## About this task
Restate word for word the lines of the listing below, from its first line through the line with "Корель, студия мебели", without the pictures.
----- Exercise data
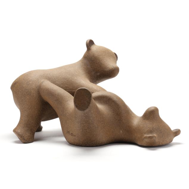 John H. Seymour (American, b. 1920), Stoneware Sculpture of Two Bear Cubs
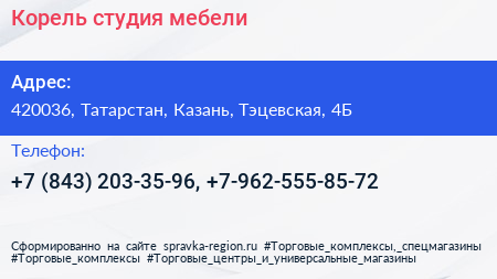 Корель, студия мебели по адресу 420036, Татарстан, Казань, Тэцевская, 4Б в дальнейшем Организация, размещена в следующих категориях:
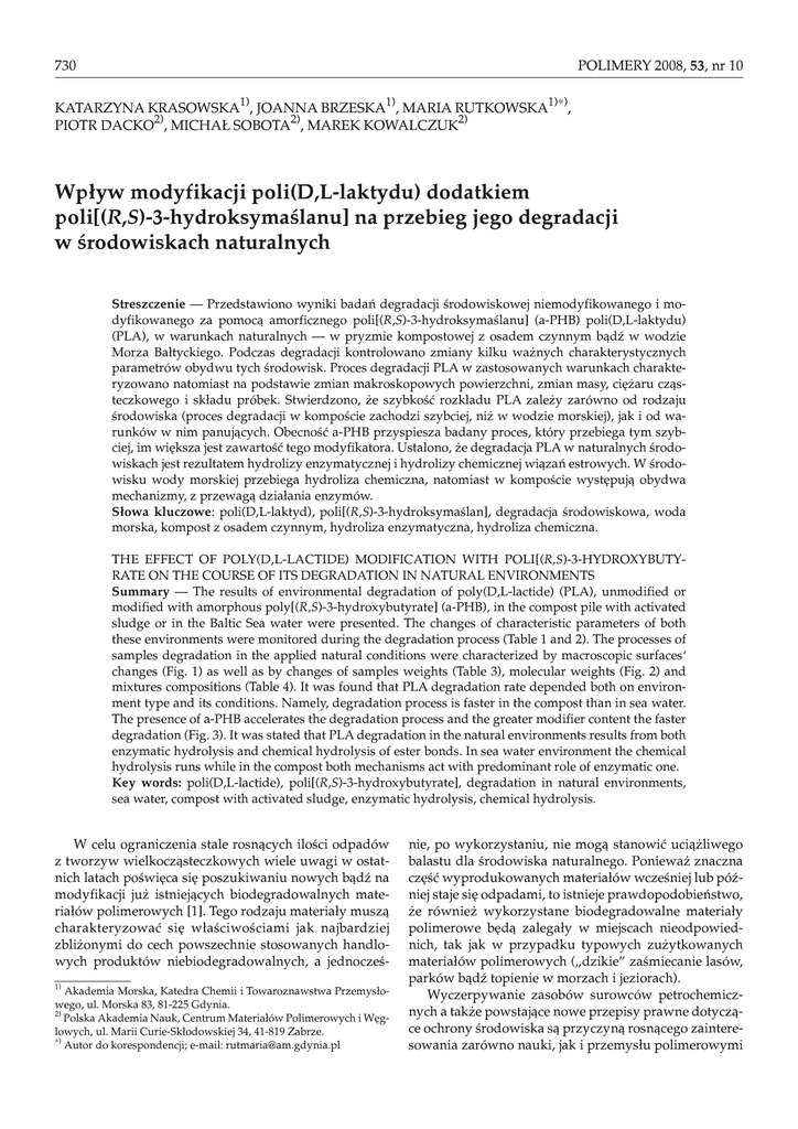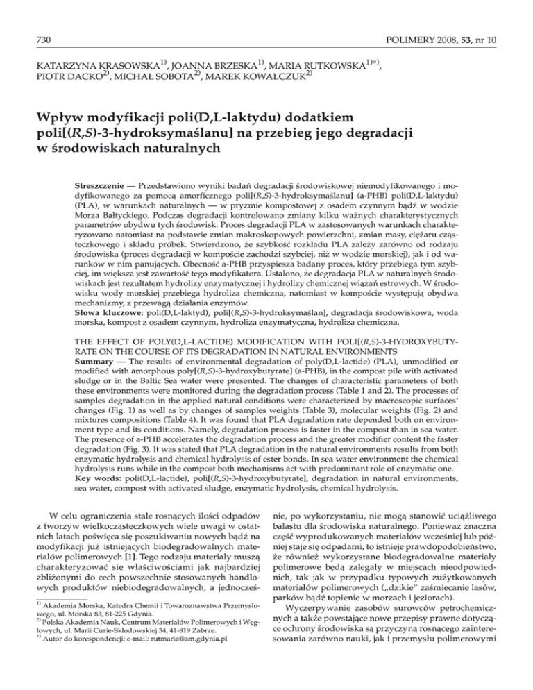 POLIMERY 2008, 53, nr 10 730 KATARZYNA KRASOWSKA1), JOANNA BRZESKA1), MARIA RUTKOWSKA1)∗), PIOTR DACKO2), MICHA£ SOBOTA2), MAREK KOWALCZUK2) Wp³yw modyfikacji poli(D,L-laktydu) dodatkiem poli[(R,S)-3-hydroksymaœlanu] na przebieg jego degradacji w œrodowiskach naturalnych Streszczenie — Przedstawiono wyniki badañ degradacji œrodowiskowej niemodyfikowanego i modyfikowanego za pomoc¹ amorficznego poli[(R,S)-3-hydroksymaœlanu] (a-PHB) poli(D,L-laktydu) (PLA), w warunkach naturalnych — w pryzmie kompostowej z osadem czynnym b¹dŸ w wodzie Morza Ba³tyckiego. Podczas degradacji kontrolowano zmiany kilku wa¿nych charakterystycznych parametrów obydwu tych œrodowisk. Proces degradacji PLA w zastosowanych warunkach charakteryzowano natomiast na podstawie zmian makroskopowych powierzchni, zmian masy, ciê¿aru cz¹steczkowego i sk³adu próbek. Stwierdzono, ¿e szybkoœæ rozk³adu PLA zale¿y zarówno od rodzaju œrodowiska (proces degradacji w kompoœcie zachodzi szybciej, ni¿ w wodzie morskiej), jak i od warunków w nim panuj¹cych. Obecnoœæ a-PHB przyspiesza badany proces, który przebiega tym szybciej, im wiêksza jest zawartoœæ tego modyfikatora. Ustalono, ¿e degradacja PLA w naturalnych œrodowiskach jest rezultatem hydrolizy enzymatycznej i hydrolizy chemicznej wi¹zañ estrowych. W œrodowisku wody morskiej przebiega hydroliza chemiczna, natomiast w kompoœcie wystêpuj¹ obydwa mechanizmy, z przewag¹ dzia³ania enzymów. S³owa kluczowe: poli(D,L-laktyd), poli[(R,S)-3-hydroksymaœlan], degradacja œrodowiskowa, woda morska, kompost z osadem czynnym, hydroliza enzymatyczna, hydroliza chemiczna. THE EFFECT OF POLY(D,L-LACTIDE) MODIFICATION WITH POLI[(R,S)-3-HYDROXYBUTYRATE ON THE COURSE OF ITS DEGRADATION IN NATURAL ENVIRONMENTS Summary — The results of environmental degradation of poly(D,L-lactide) (PLA), unmodified or modified with amorphous poly[(R,S)-3-hydroxybutyrate] (a-PHB), in the compost pile with activated sludge or in the Baltic Sea water were presented. The changes of characteristic parameters of both these environments were monitored during the degradation process (Table 1 and 2). The processes of samples degradation in the applied natural conditions were characterized by macroscopic surfaces‘ changes (Fig. 1) as well as by changes of samples weights (Table 3), molecular weights (Fig. 2) and mixtures compositions (Table 4). It was found that PLA degradation rate depended both on environment type and its conditions. Namely, degradation process is faster in the compost than in sea water. The presence of a-PHB accelerates the degradation process and the greater modifier content the faster degradation (Fig. 3). It was stated that PLA degradation in the natural environments results from both enzymatic hydrolysis and chemical hydrolysis of ester bonds. In sea water environment the chemical hydrolysis runs while in the compost both mechanisms act with predominant role of enzymatic one. Key words: poli(D,L-lactide), poli[(R,S)-3-hydroxybutyrate], degradation in natural environments, sea water, compost with activated sludge, enzymatic hydrolysis, chemical hydrolysis. W celu ograniczenia stale rosn¹cych iloœci odpadów z tworzyw wielkocz¹steczkowych wiele uwagi w ostatnich latach poœwiêca siê poszukiwaniu nowych b¹dŸ na modyfikacji ju¿ istniej¹cych biodegradowalnych materia³ów polimerowych [1]. Tego rodzaju materia³y musz¹ charakteryzowaæ siê w³aœciwoœciami jak najbardziej zbli¿onymi do cech powszechnie stosowanych handlowych produktów niebiodegradowalnych, a jednoczeœ1) Akademia Morska, Katedra Chemii i Towaroznawstwa Przemys³owego, ul. Morska 83, 81-225 Gdynia. 2) Polska Akademia Nauk, Centrum Materia³ów Polimerowych i Wêglowych, ul. Marii Curie-Sk³odowskiej 34, 41-819 Zabrze. ∗) Autor do korespondencji; e-mail: [email protected] nie, po wykorzystaniu, nie mog¹ stanowiæ uci¹¿liwego balastu dla œrodowiska naturalnego. Poniewa¿ znaczna czêœæ wyprodukowanych materia³ów wczeœniej lub póŸniej staje siê odpadami, to istnieje prawdopodobieñstwo, ¿e równie¿ wykorzystane biodegradowalne materia³y polimerowe bêd¹ zalega³y w miejscach nieodpowiednich, tak jak w przypadku typowych zu¿ytkowanych materia³ów polimerowych („dzikie” zaœmiecanie lasów, parków b¹dŸ topienie w morzach i jeziorach). Wyczerpywanie zasobów surowców petrochemicznych a tak¿e powstaj¹ce nowe przepisy prawne dotycz¹ce ochrony œrodowiska s¹ przyczyn¹ rosn¹cego zainteresowania zarówno nauki, jak i przemys³u polimerowymi POLIMERY 2008, 53, nr 10 731 materia³ami biodegradowalnymi uzyskanymi z surowców odnawialnych [2, 3]. Dlatego te¿ polilaktyd (PLA) uznano za polimer przysz³oœci, mo¿e on byæ bowiem wytwarzany z surowców nie tylko petrochemicznych, ale równie¿ z odnawialnych (kwas mlekowy); dodatkowy, bardzo istotny impuls do rozwoju badañ stanowi jego biodegradowalnoœæ. Przewiduje siê, ¿e w najbli¿szym czasie zwiêkszy siê wykorzystanie polilaktydu w ga³êziach przemys³u wytwarzaj¹cych elementy wyposa¿enia wnêtrz, materia³y higieniczne, materia³y ochronne w budownictwie i rolnictwie, sieci rybackie a tak¿e pojemniki na odpady komunalne, produkty jednorazowego u¿ytku oraz materia³y do opakowañ [4]. W badaniach dotycz¹cych modyfikacji PLA, prowadz¹cych do poprawy w³aœciwoœci i zwiêkszenia jego konkurencyjnoœci na rynku biodegradowalnych materia³ów polimerowych, zwrócono uwagê na mo¿liwoœæ wykorzystania w charakterze efektywnego modyfikatora polilaktydu amorficznego poli[(R,S)-3-hydroksymaœlanu] (a-PHB), syntetyzowanego na drodze polimeryzacji β-butyrolaktonu wobec aktywowanych inicjatorów anionowych [5]. Z opublikowanych ju¿ wyników badañ wiadomo, ¿e degradacja polilaktydu w warunkach biotycznych i abiotycznych mo¿e byæ katalizowana zarówno enzymatycznie, jak i chemicznie jednak mechanizmy takich procesów znacznie siê ró¿ni¹ [6—9]. Degradacja enzymatyczna przebiega tylko na
----------
## Solution to this exercise
 John H. Seymour (American, b. 1920), Stoneware Sculpture of Two Bear Cubs
 Корель, студия мебели по адресу 420036, Татарстан, Казань, Тэцевская, 4Б в дальнейшем Организация, размещена в следующих категориях:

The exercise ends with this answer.